Making it all about the learning.

Last week I was able to spend a week learning from the wonderful people at the Jewish Women's Archive as they were teaching us how to use this online archive in our schools, especially the Living the Legacy curriculum.  The curriculum teaches about the role of Jewish women in the civil rights movement and by extention other Jewish participation in this amazing event that changed the world we live in it.  One statistic that struck me is that some estimates suggest nearly half the white women who went South to work for civil rights from the north had Jewish heritage as part of their family history.  These were mostly women of privledge who saw the injustice and wanted to change it.  This story is important and visiting the archive website and learning about these extraordinary women would be well worth you time. 

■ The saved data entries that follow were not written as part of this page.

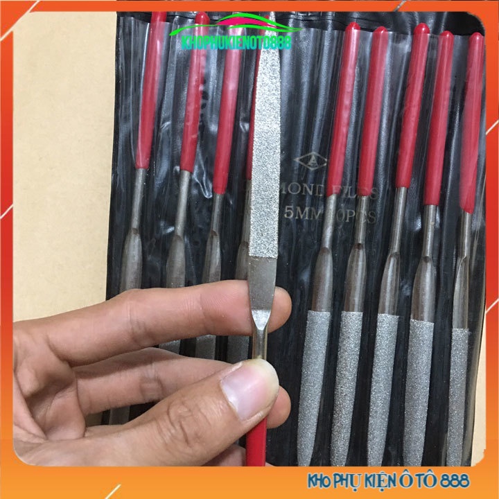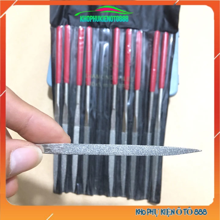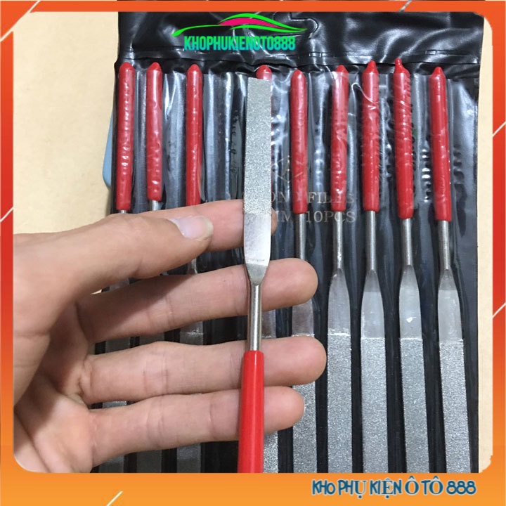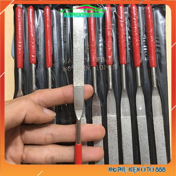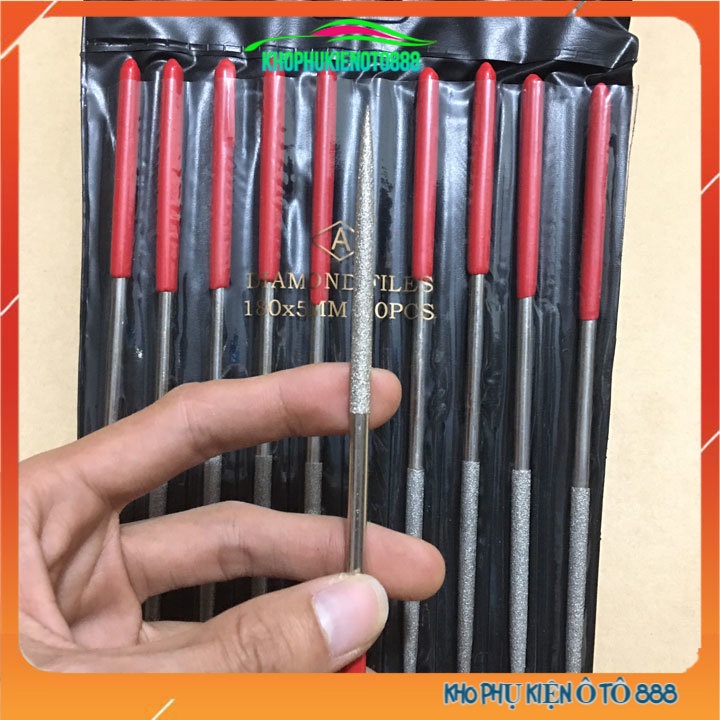 Bộ 10 đầu mài kim cương dũa kim loại 180x5mm mũi tam giác, dẹt, lòng mo, tròn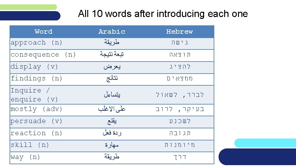 Module E pilot Mini vocabulary lesson 16 of 40 Jessica Goldshlager Kamir approach (n) consequence (n) display (v) findings (n) inquire / enquire (v) mostly (adv) persuade (v) reaction (n) skill (n) way (n)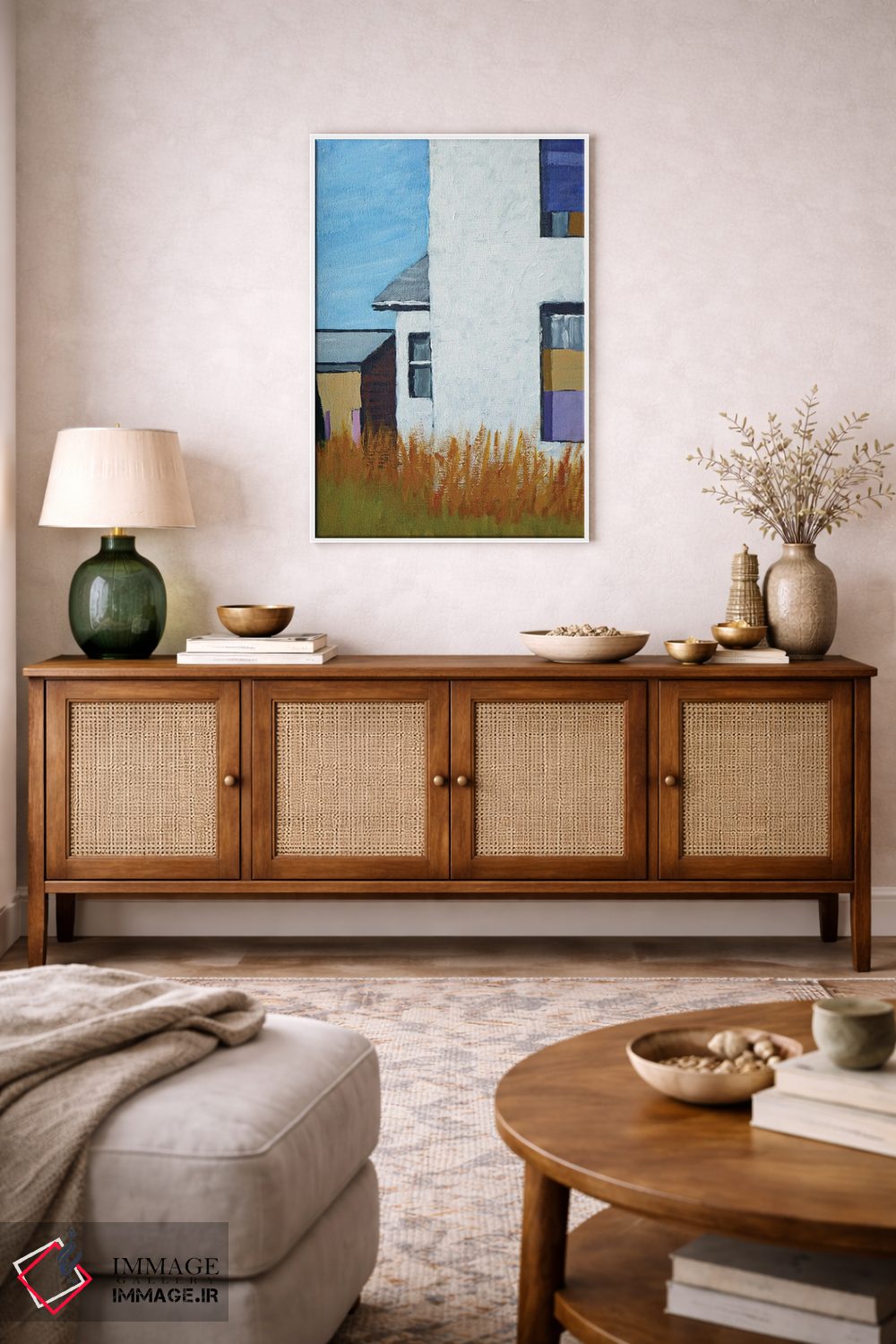 براساس پالت ترکیبی اثر، قاب تیک گرم (چوبی) پیشنهاد اول است و مشکی مات (فریم متوسط) مکمل. برای سفارشهای پروژهای با ابعاد و قابهای اختصاصی با ایماژ در تماس باشید.

But what was interesting was I was the only man in a group of 25 Jewish educators from around the country and Canada.  While this was not an unusual position for me to have been in in my career.  I knew a couple of the people before I came, recognized a few more from other conferences, and many were complete strangers.  What was amazing was how quickly we became a community.  As an obvious outsider it would have been easy to be held responsible for the sexism of the past and in many cases the present.  (I did occassionally cringe when some spoke of their helpless husbands suffering back home).  But we represented what truly illustrates the theme of my multicultural workshop "The Diversity of a Dozen Eggs".  We were born Jews and Jews by Choice, Orthodox, Conservative, Reconstructionist, Reform, and Secular Humanist, we were Rabbis, lay synagogue professionals, lawyers, writers, and many professions I can't remember, we were Jews who kept kosher and some who loved bacon, we were Jews who love services and Jews who never attend, we were Jews who feel God in every tiny detail of the world, and those who are comfortable in their doubt of God's existence.  But we were all there for one thing.  We were all there to become better educators and we wanted to bring voice to the voiceless of history.  What turned out is that we all learned from each other, we all shared with each other, we all felt connected to each other.  So often the walls that separate us make it hard for us to access all we can be.  If anything was accomplished this week was to show me that when I think of my experiences for the week, I will always remember that teachers who think outside the box to instill the wonders of Judaism to the next generation. I will remember how we worked together to find ways to modify the curriculum for our particular setting.  I will remember the discussions of sustainable food and traffic on 128.  I won't remember where these women daven, or how they say the blessings, or if full kriah is important to them.  And that will always make me smile.  We came together in diversity and left in unity without compromising that diversity.  Hazah to all the women I learned from and to Etta, Judith and the entire staff of JWA.  Thank you for making my summer learning useful and reenergizing. 


lottie said…
Wonderful blog, George! Thank you for sharing such a wonderful articulation of our shared experience.